Enhancing Biodiversity Monitoring: An Interactive Tool for Efficient Identification of Species in Large Bioacoustics Datasets

Hannes Kath; Ilira Troshani; Bengt Lüers; Thiago Gouvea; Daniel Sonntag
In: ICMI Companion '24: Companion Proceedings of the 26th International Conference on Multimodal Interaction. ACM International Conference on Multimodal Interaction (ICMI-2024), 26th International Conference on Multimodal Interaction, November 4-8, Costa Rica, Pages 91-93, ICMI, Association for Computing Machinery, 2024.

Abstract

Biodiversity loss is a major challenge for humanity, which has increased the rate of species extinction by a factor of 100-1000 compared to pre-industrial times.

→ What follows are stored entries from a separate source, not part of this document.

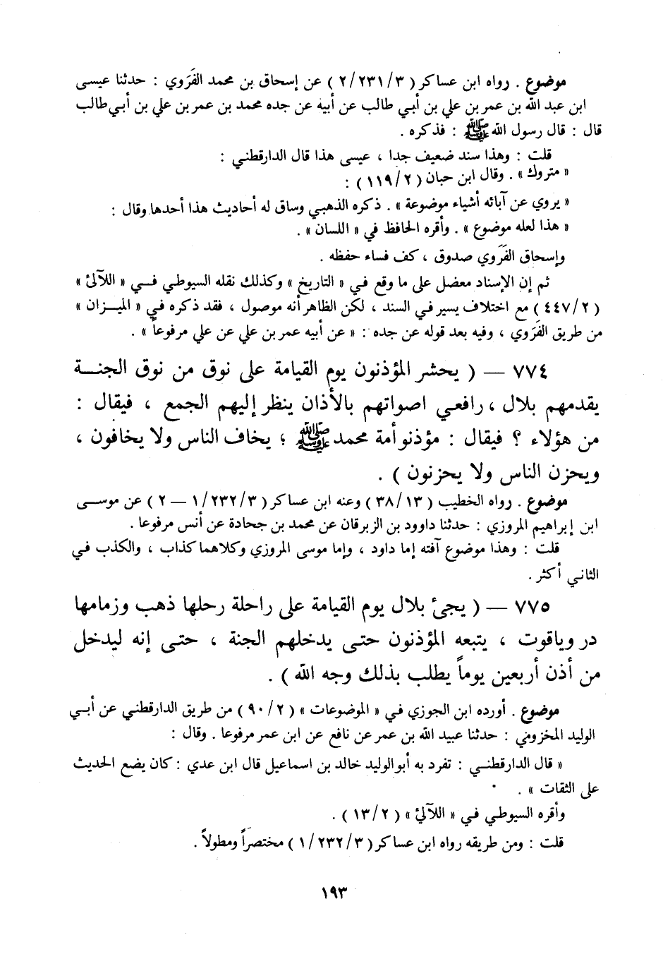 774 - " يحشر المؤذنون يوم القيامة على نوق من نوق الجنة يقدمهم بلال، رافعي أصواتهم بالأذان ينظر إليهم الجمع، فيقال: من هؤلاء؟ فيقال: مؤذنوأمة محمد صلى الله عليه وسلم، يخاف الناس ولا يخافون، ويحزن الناس ولا يحزنون ".
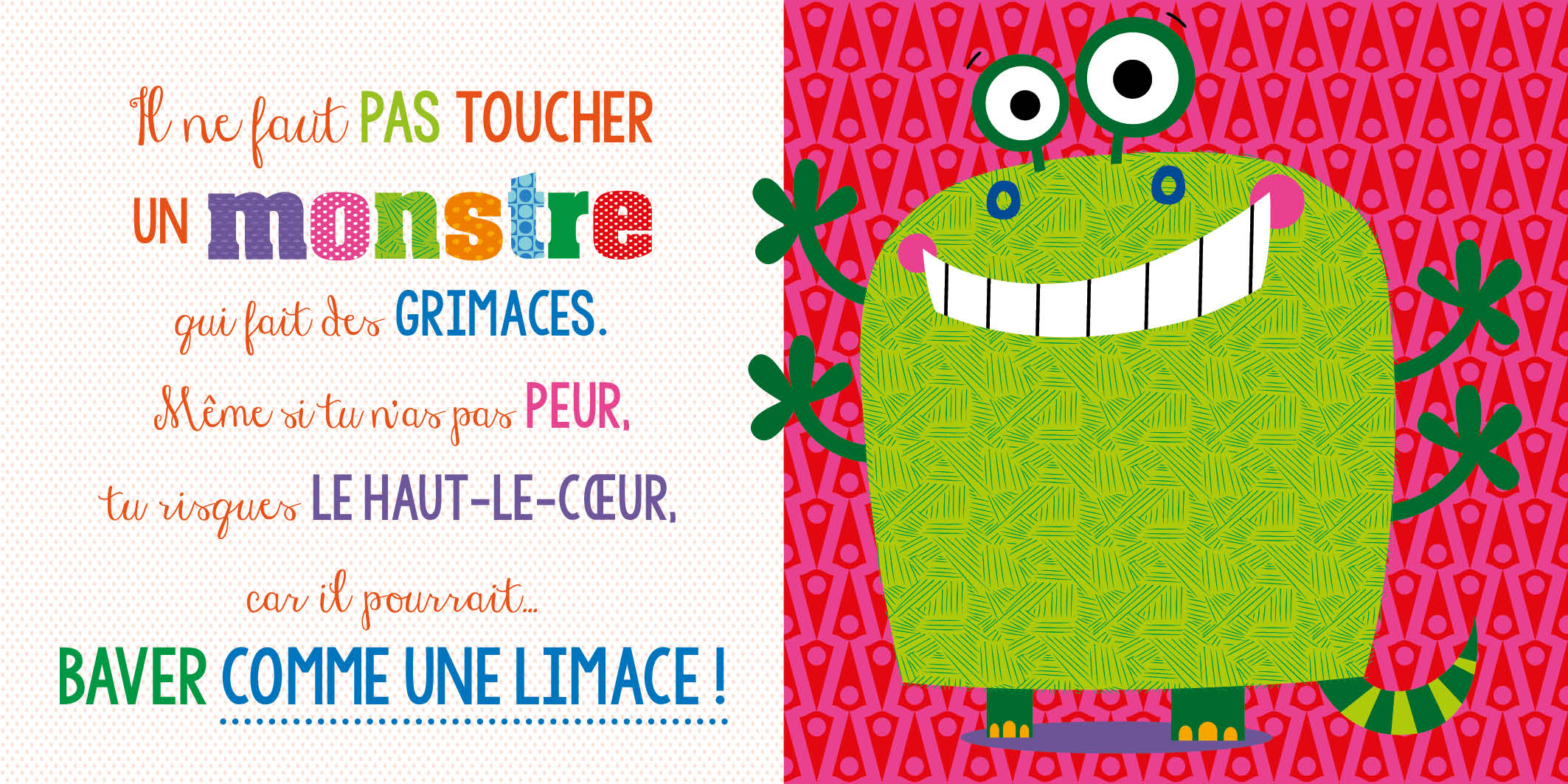 Un livre d’éveil avec des surfaces à toucher en silicone. Des textes rigolos, pour s’amuser avec des rimes. Éclats de rire garantis sur chaque page !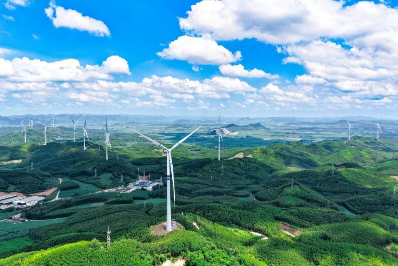 合群风电场二期、东乡风电项目分别以220米叶轮直径刷新广西陆上风电项目叶轮直径纪录,预计今年年底陆续投产;桂中综合智慧储能示范项目作为全国首个集飞轮储能、锂离子、钠离子、全钒液流四种储能于一体的示范项目,有效破解新能源发电“间歇性、波动性”难题,为电力系统安全稳定运行提供重要支撑。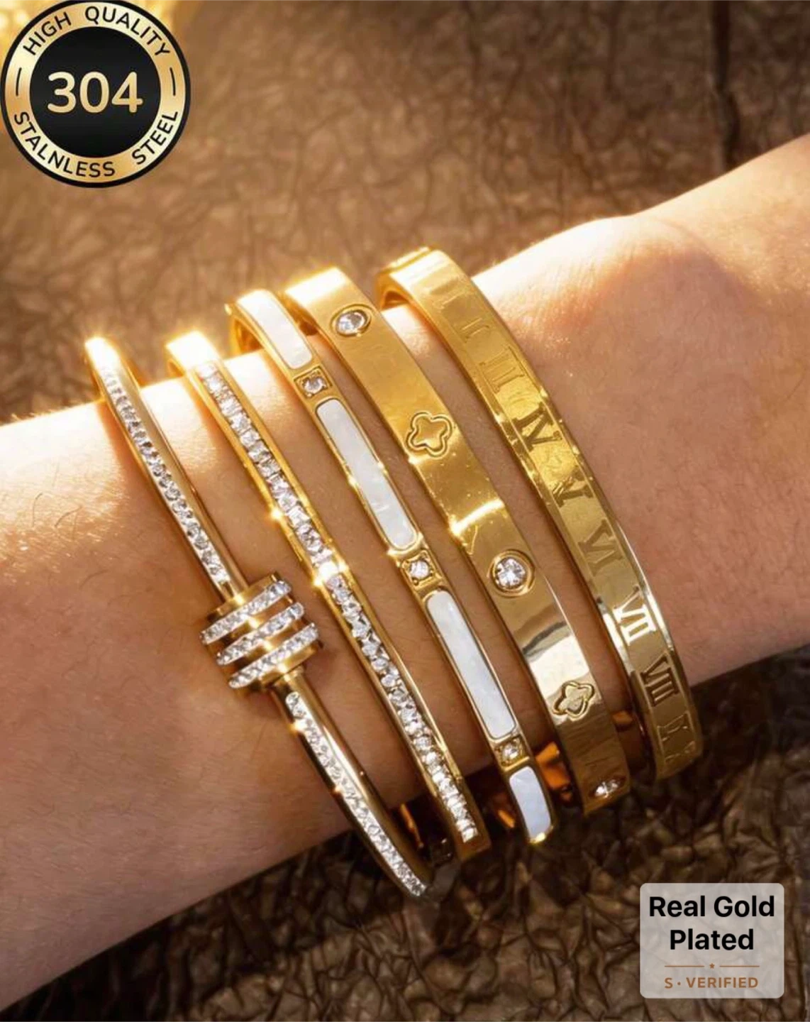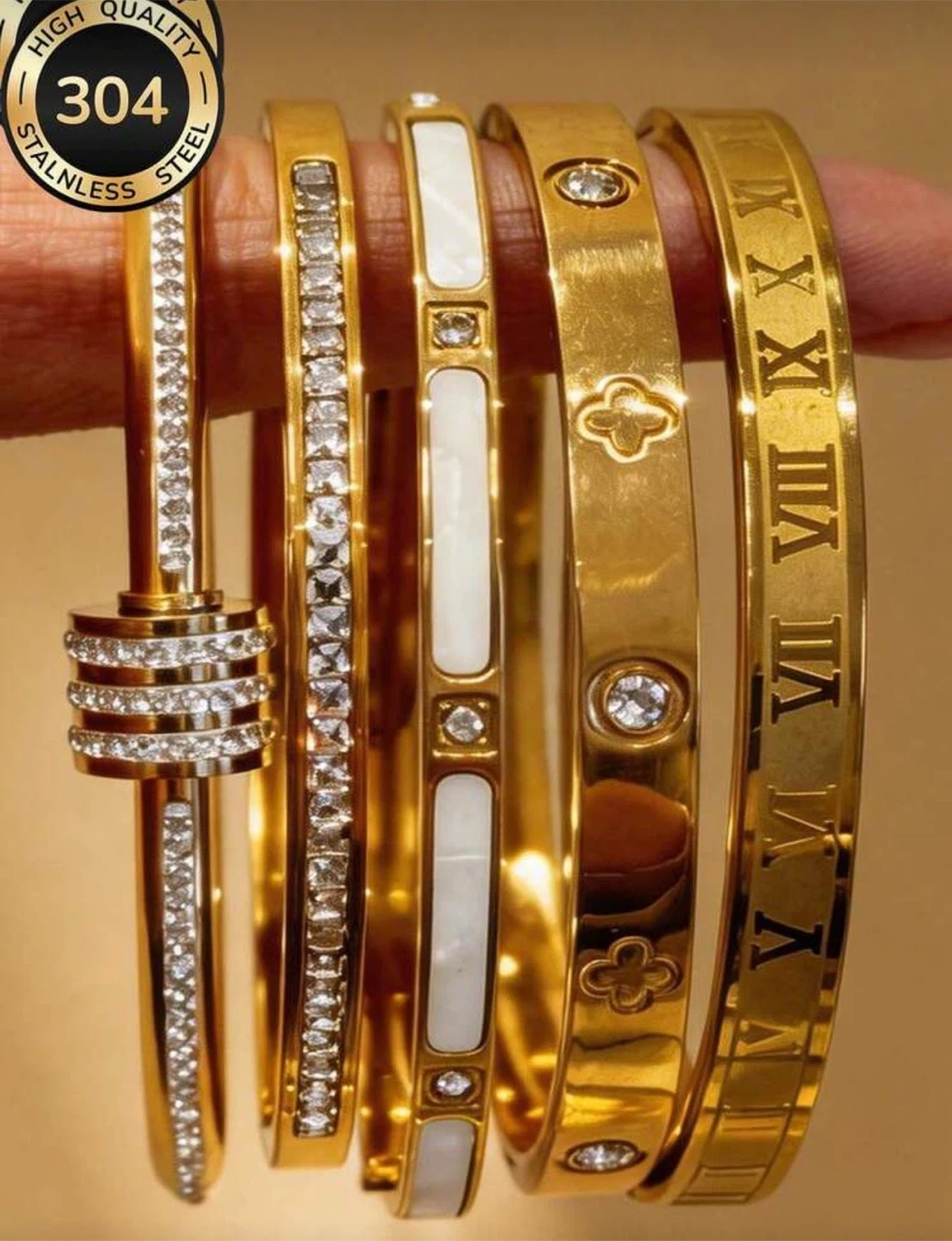 Five gorgeous gold-toned bracelets, made with 304 stainless steel. They're real gold plated and feature assorted designs including clear rhinestones, white enamel inlays, clover patterns, and Roman numerals. This set offers a stylish variety for your wrist!

XPRIZE Rainforest is a competition focused on developing a pipeline for real-time biodiversity measurement: teams have 24 hours to collect data and another 48 hours to produce a list of species present in the data. Passive acoustic monitoring (PAM) is a scalable technology for data acquisition in wildlife monitoring. However, analyzing large PAM datasets poses a significant challenge. This paper presents a tool used by the Brazilian team during the XPRIZE Rainforest finals. Using a combination of audio separation, weakly supervised learning, transfer learning, active learning, multiple-instance learning, and novel class detection, samples are carefully selected and presented to the user for annotation.